The domain structure of talin
There are two talin genes in vertebrates (Monkley et al. 2001; Senetar and McCann 2005). These code for talin1 and talin2, respectively, which are both large proteins (2541 amino acids; approx. 270 kDa) consisting of a globular N-terminal head (approx. 50 kDa) and a large flexible C-terminal rod (approx. 220 kDa) (Fig. 1). The talin head contains a FERM domain (residues 86–400) composed of F1, F2 and F3 domains. While initial attempts to crystallise the entire FERM domain have been unsuccessful to date, probably due to a large unstructured loop in F1 (Goult et al., in preparation), the crystal structure of the F2F3 fragment (Garcia-Alvarez et al. 2003) confirmed its structural similarity to the corresponding part of other FERM domains, with the F3 domain having a phosphotyrosine binding (PTB)-like fold (Fig. 1). The 85 amino acids preceding F1 were initially ignored, but recent nuclear magnetic resonance (NMR) studies show that they constitute a folded domain, the F0 domain, which has a ubiquitin-like fold (Goult et al., in preparation) as does the F1 domain. The structure of an F0F1 double domain construct with the flexible F1 loop removed shows a well-defined and rather rigid interface between the two domains (Goult et al., in preparation) (Fig. 1).
The talin rod contains 62 helices that are organised into a series of helical bundles followed by a single C-terminal helix that forms an antiparallel homodimer (Gingras et al. 2008) (Fig. 1). Given the flexibility of the rod, the relative orientation of the two talin molecules within the dimer is uncertain. The rod starts with a five-helix bundle (residues 482–655) (Papagrigoriou et al. 2004); the crystal structure of talin 482–789 shows that residues 656–789 form a four-helix bundle that packs tightly against the talin 482–655 five-helix bundle in a staggered arrangement which is stabilised by an extensive hydrophobic interface (Papagrigoriou et al. 2004). The C-terminal half of the rod is also made up of a series of five-helix bundles (Cheung et al. 2009; Gingras et al. 2006, 2008,2009; Goult et al. 2009), but in this region a relatively flexible interface and end-to-end packing between the helical bundles seems to be typical. The central part of the rod also contains four- and five-helix bundles, but their packing with respect to one another has not yet been established with certainty. Biophysical and electron microscopy (EM) studies suggest that talin exists in several different conformational states. Thus, sedimentation equilibrium experiments show that it can exist as both monomers and dimers (Molony et al. 1987). Sedimentation velocity, gel filtration and EM studies indicate that it is globular in low salt buffers, whereas it is a flexible elongated molecule (approx. 60 nm in length) in 0.15 M salt and appears to have 10–12 globular domains (Molony et al. 1987; Winkler et al. 1997). The globular state appears to be dependent on a head/rod interaction, and recent data have provided insights into the structural basis of this interaction (Goksoy et al. 2008; Goult et al. 2009).
Protein partners of talin
The role of talin as an adaptor protein in linking integrins to the cytoskeleton and to signalling pathways in the cell is clearly indicated by the large number of proteins that have been shown to interact with talin (Critchley 2009; Critchley and Gingras 2008; Zaidel-Bar et al. 2007). Only a small number of the structurally better characterised interactions will be considered here.
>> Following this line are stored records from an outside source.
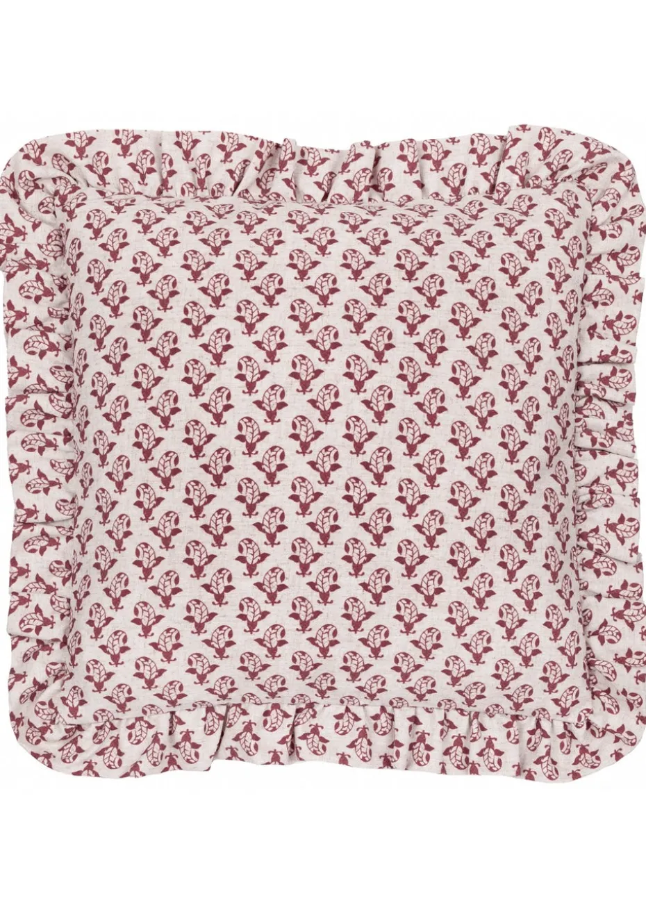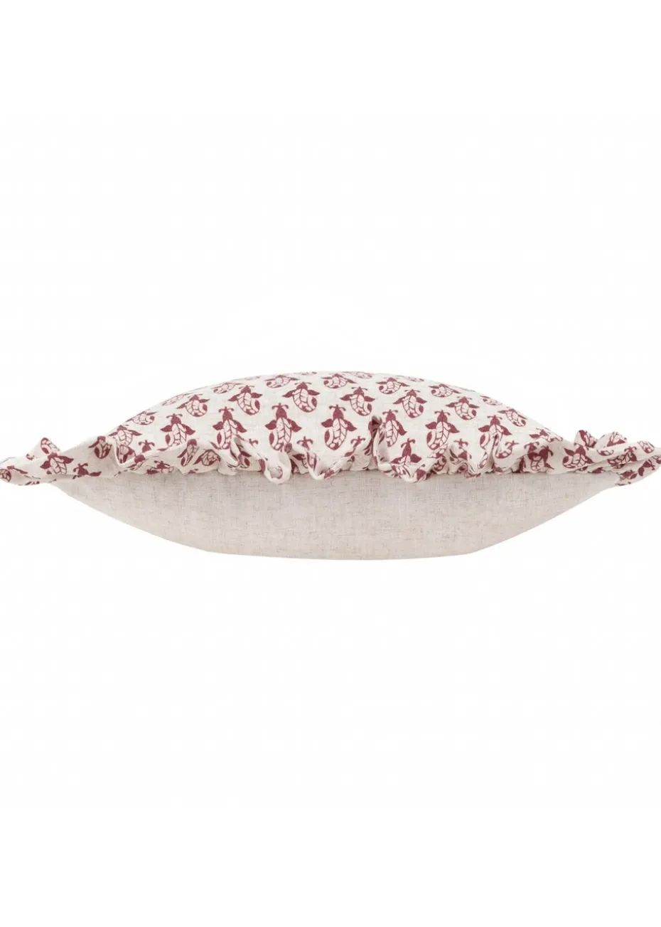 Furn Lulah Block Printed Ruffle Red Cushion (45 x 45 x 8 cm)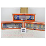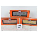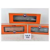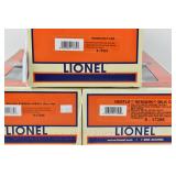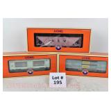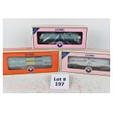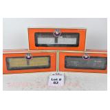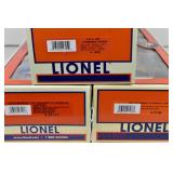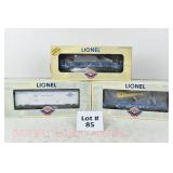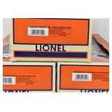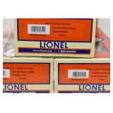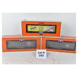 85 Modern Lionel O Gauge: (3) Postwar Celebration Series: 29828 #3666 Cannon Firing Boxcar, 26876 #6544 Missile Firing Trail Car, 29827 #3419 Helicopter Launch Car OB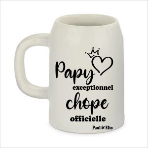 Chope Personnalisée Papy Exceptionnel – Cadeau Fête des Grands-Pères avec Prénoms – Chope Officielle 500 ml Gravée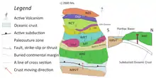 Certains des terranes ont été formés à partir des structures d'un arc volcanique, y compris la chaîne d'arc volcanique et le cadre de l'avant-arc.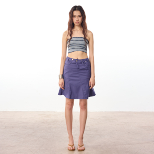 WILDERSHORE 25SS原创基础紫色结构休闲包臀裙通勤荷叶边裙半身裙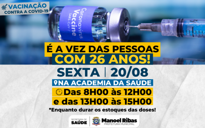 NOVA ETAPA DE VACINAÇÃO: PESSOAS DE 26 ANOS + 19/08/2021

The talin F3 FERM domain binds the cytoplasmic domains of β-integrin subunits (Calderwood et al. 2002) and the hyaluronan receptor layilin (Borowsky and Hynes 1998; Wegener et al. 2008) as well as the C-terminal region of PIPKIγ90 (Barsukov et al. 2003; de Pereda et al. 2005; Di Paolo et al. 2002; Ling et al. 2002), a splice variant of phosphatidylinositol(4)- phosphate-5-kinase type Iγ which regulates the assembly of focal adhesions. The talin head also contains an F-actin binding site (Lee et al. 2004) and binds acidic phospholipids (e.g. Dietrich et al. 1993; Goldmann et al. 1995; Niggli et al. 1994).
The talin rod contains a second integrin binding site, IBS2 (Gingras et al. 2009; Moes et al. 2007; Rodius et al. 2008; Tremuth et al. 2004; Xing et al. 2001) and at least two actin-binding sites (Hemmings et al. 1996), the best characterised of which is at the C-terminus (Gingras et al. 2008; McCann and Craig 1997; Senetar et al. 2004; Smith and McCann 2007). Importantly, the rod also contains multiple binding sites for vinculin (Gingras et al. 2005), which itself has numerous binding partners, including F-actin (Ziegler et al. 2006); the “cross-linking” of talin to actin by vinculin has been proposed to stabilise the initial weak integrin/talin/F-actin complexes (Bakolitsa et al. 2004).
Integrin binding
As noted above, the talin F3 domain has a PTB-like fold; canonical ligands of PTB domains are peptides containing an NPxY-like motif sequence. The short cytoplasmic tails of β-integrin subunits contain two such motifs, and the talin F3 FERM domain selectively binds to the membrane proximal to these, 744NPLY747 (Campbell and Ginsberg 2004). The structure of F3 bound to residues 739WDTANNPLYDEA750 of the β3-integrin tail (Garcia-Alvarez et al. 2003) shows that the integrin peptide interacts predominantly with the hydrophobic surface on strand S5 of the F3 domain; W739 inserts into a pocket on the talin surface, with the subsequent residues forming a β-strand that extends the sheet formed by strands 5–7 of the F3 domain. Y747 projects into an acidic pocket in F3, whereas the equivalent region in those PTB domains that bind phosphotyrosine is strongly basic.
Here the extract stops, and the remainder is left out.